Thank you for participation! Let's discuss about problems :)
how to solve problem D — Snowball and E — 90-degree Rotations ?
D : Optimal solution is to fix one snowball and have roll snowballs from the left to it and roll snowballs from the right to it
E : Construct a graph where each row and each column is a vertex, and a cell with a token corresponds to an edge between the corresponding row and column. The condition is equivalent to the graph having an Eulerian Path.
is there a proof that in D it's always optimal to fix a snowball and have roll snowballs towards it ? , won't be more optimal if we made made a point in middle of two(or more) snowballs ?
Sure. For example for two snowballs you could think about it this way:
Consider two snowballs where $$$r_1, r_2$$$ — are their sizes, first one is located at $$$x = 0$$$, second one is located at $$$x = c$$$.
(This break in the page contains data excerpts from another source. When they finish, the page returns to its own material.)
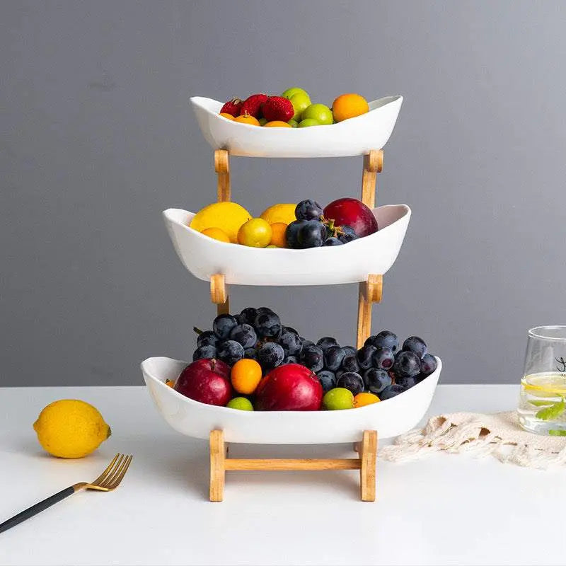 Organize your fruits and save valuable counter space with our convenient 3-layer food storage dish. The wooden frame adds a touch of elegance to your kitchen and keeps your fruits fresh and visible. Keep your kitchen clutter-free and your fruit easily accessible with this handy organizer.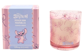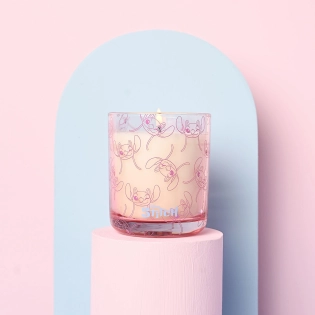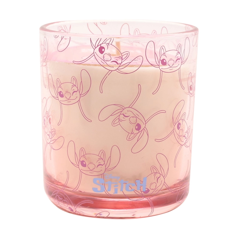 Deze sfeervolle geurkaars in glas met het lieve personage Angel uit de wereld van Lilo & Stitch voegt direct warmte en gezelligheid toe aan je interieur. De kaars staat in een roze glazen houder met schattige illustraties en wordt geleverd in een bijpassende cadeauverpakking – helemaal klaar om te geven of zelf van te genieten.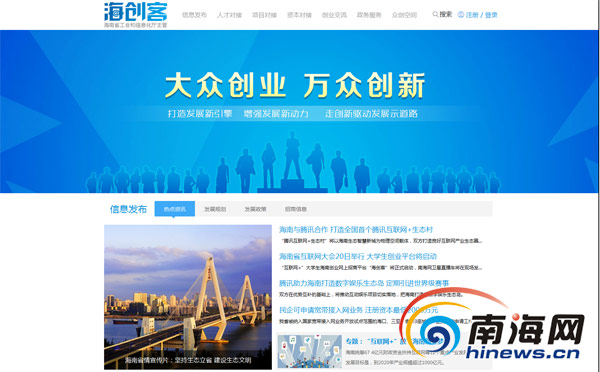 南海網海口12月3日消息(南海網記者 徐靜涵)2015海南“互聯網+”創新創業節12月16日將在海口開幕。海創客、南海網將聯合對開幕式進行視頻直播。

Let's first cover the case when $$$r_1 \ge c$$$ and $$$r_2 \ge c$$$
You are tasked to choose such $$$x$$$ that maximizes the function from statements. (the place where you roll both snowballs towards)
$$$x \in [0..c]$$$
Then you are to find maximum value of a function $$$f(x) = ((r_1 - x)^{3} + (r_2 - c + x)^{3})^\frac{1}{3}$$$. To do this, you should use the fact that the extreme values of a continuous function is either on the ends of an interval or where $$$f'(x) = 0$$$
$$$f'(x) = \frac{1}{3}((r_1 - x)^{3} + (r_2 - c + x)^{3})^{-\frac{2}{3}} \cdot (-3(r_1 - x) ^ 2 + 3(r_2 - c + x) ^ 2)$$$
From the function you can observe that it is actually equal to 0, in case ($$$r_1 - x = r_2 - c + x$$$) (which is a shame, but you could actually prove that this is actually a minimum of such function) This is done either by computing $$$f"(x)$$$, which will have positive denominator and numerator of sorts $$$2(c - r_1 - r_2) (-c + r_1 + r_2) (r_1 - x) (c - r_2 - x)$$$ which is always positive because of the assumtion of $$$r_1 \ge c, r_2 \ge c$$$ and $$$x \le c$$$.
Or perhaps easier: by a simple observation that $$$f'(x)$$$ is obviously monotonically increasing (on this interval) since the first clause is always positive, whereas in the second clause as $$$x$$$ increases, you add more and subtract less.
That means either $$$x = 0$$$ or $$$x = c$$$.
The case when $$$r_1 \le c$$$ was harder for me to prove (since you need to consider $$$x = c - r_2$$$ and $$$x = r_1$$$ as extreme points), but the intuition behind is that it is not reasonable to move such small snowball towards the bigger one, because total distance travelled by two snowballs is bigger than the size of smaller one
Thanks for your explanation.
Will an English editorial be posted?
Sorry but we did not made yet. That's because we are having pretty tough life of beginning of new grade in school (in Japan, school starts from April) and get used to new class is stamina-consuming.
So, I can say that we maybe (think 60 percent) make them. If we make, it will be published after few days.
But maybe you can add hints to solve problems in English like the ones zscoder wrote for D and E in the comment above.
Yeah, of course. If you want hint I can reply.